▶ DESCRIPTION OF THE TASK: Apart from the pictures, every entry below must be given again exactly.

**** AVAILABLE RECORDS

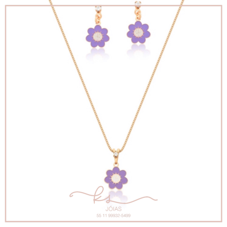 conjunto infantil brinco e colar flor roxaConfira opiniões e avaliações de clientes!
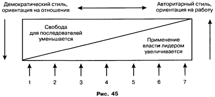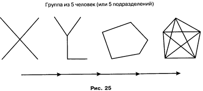 Другой пример. В большинстве случаев эффективность работы группы из 7 человек выше, чем группы, в которую входят 17 сотрудников. Многие психологи считают, что рабочая группа (руководитель плюс взаимодействующие между собой исполнители) с точки зрения эффективности и оперативности руководства, взаимодействия членов и экономии средств должна иметь численность не менее 5 и не более 9 человек (так называемый закон «7 плюс-минус 2»).
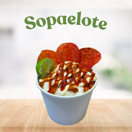 sopa instantánea preparada al momento con salsas, limón, papitas crujientes a elegir, queso amarillo derretido y granitos de elote. ¡Una mezcla irresistible de texturas y sabores que no podrás dejar de probar!
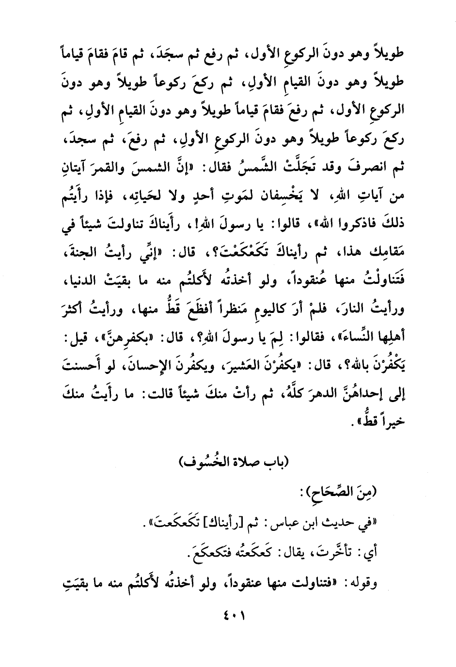 طويلا وهو دون الركوع الأول , ثم رفع ثم سجد , ثم قام فقام قياما طويلا وهو دون القيام الأول , ثم ركع ركوعا طويلا وهو دون الركوع الأول , ثم رفع فقام قياما طويلا وهو دون القيام الأول , ثم ركع ركوعا طويلا وهو دون الركوع الأول , ثم رفع , ثم سجد , ثم انصرف وقد تجلت الشمس فقال: " إن الشمس والقمر آيتان من آيات الله , لا يخسفان لموت أحد ولا لحياته , فإذا رأيتم ذلك فاذكروا الله " قالوا: يا رسول الله! رأيناك تناولت شيئا في مقامك هذا , ثم رأيناك تكعكعت؟ , قال: " إني رأيت الجنة , فتناولت منها عنقودا , ولو أخذته لأكلتم منه ما بقيت الدنيا , ورأيت النار , فلم أر كاليوم منظرا أفظع قط منها , ورأيت أكثر أهلها النساء " فقالوا: لم يا رسول الله؟ , قال: " بكفرهن " , قيل: يكفرن بالله؟ , قال: " يكفرن العشير , ويكفرن الإحسان , لو أحسنت إلى إحداهن الدهر كله , ثم رأت منك شيئا قالت: ما رأيت منك خيرا قط ".
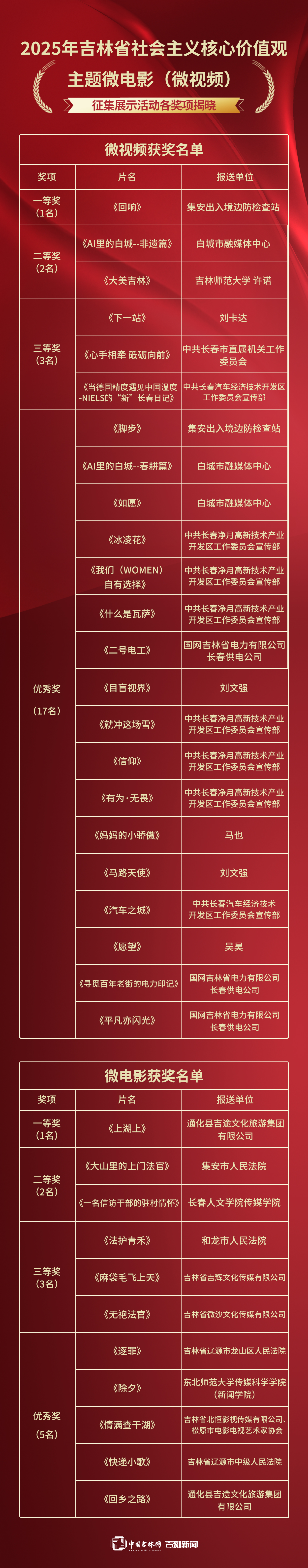 2025年吉林省社会主义核心价值观主题微电影(微视频)征集展示活动自今年6月启动以来,收到来自全省各地的众多优秀作品,内容涵盖“振兴吉林,共绘幸福画卷”“法治吉林,共建和谐家园”“厚德吉林,共筑精神高地”三大主题系列,生动展现了吉林人民爱国敬业、诚实守信、团结友爱的精神风貌。

********

▶ EXERCISE OUTPUT:
 conjunto infantil brinco e colar flor roxaConfira opiniões e avaliações de clientes!
 Другой пример. В большинстве случаев эффективность работы группы из 7 человек выше, чем группы, в которую входят 17 сотрудников. Многие психологи считают, что рабочая группа (руководитель плюс взаимодействующие между собой исполнители) с точки зрения эффективности и оперативности руководства, взаимодействия членов и экономии средств должна иметь численность не менее 5 и не более 9 человек (так называемый закон «7 плюс-минус 2»).
 sopa instantánea preparada al momento con salsas, limón, papitas crujientes a elegir, queso amarillo derretido y granitos de elote. ¡Una mezcla irresistible de texturas y sabores que no podrás dejar de probar!
 طويلا وهو دون الركوع الأول , ثم رفع ثم سجد , ثم قام فقام قياما طويلا وهو دون القيام الأول , ثم ركع ركوعا طويلا وهو دون الركوع الأول , ثم رفع فقام قياما طويلا وهو دون القيام الأول , ثم ركع ركوعا طويلا وهو دون الركوع الأول , ثم رفع , ثم سجد , ثم انصرف وقد تجلت الشمس فقال: " إن الشمس والقمر آيتان من آيات الله , لا يخسفان لموت أحد ولا لحياته , فإذا رأيتم ذلك فاذكروا الله " قالوا: يا رسول الله! رأيناك تناولت شيئا في مقامك هذا , ثم رأيناك تكعكعت؟ , قال: " إني رأيت الجنة , فتناولت منها عنقودا , ولو أخذته لأكلتم منه ما بقيت الدنيا , ورأيت النار , فلم أر كاليوم منظرا أفظع قط منها , ورأيت أكثر أهلها النساء " فقالوا: لم يا رسول الله؟ , قال: " بكفرهن " , قيل: يكفرن بالله؟ , قال: " يكفرن العشير , ويكفرن الإحسان , لو أحسنت إلى إحداهن الدهر كله , ثم رأت منك شيئا قالت: ما رأيت منك خيرا قط ".
 2025年吉林省社会主义核心价值观主题微电影(微视频)征集展示活动自今年6月启动以来,收到来自全省各地的众多优秀作品,内容涵盖“振兴吉林,共绘幸福画卷”“法治吉林,共建和谐家园”“厚德吉林,共筑精神高地”三大主题系列,生动展现了吉林人民爱国敬业、诚实守信、团结友爱的精神风貌。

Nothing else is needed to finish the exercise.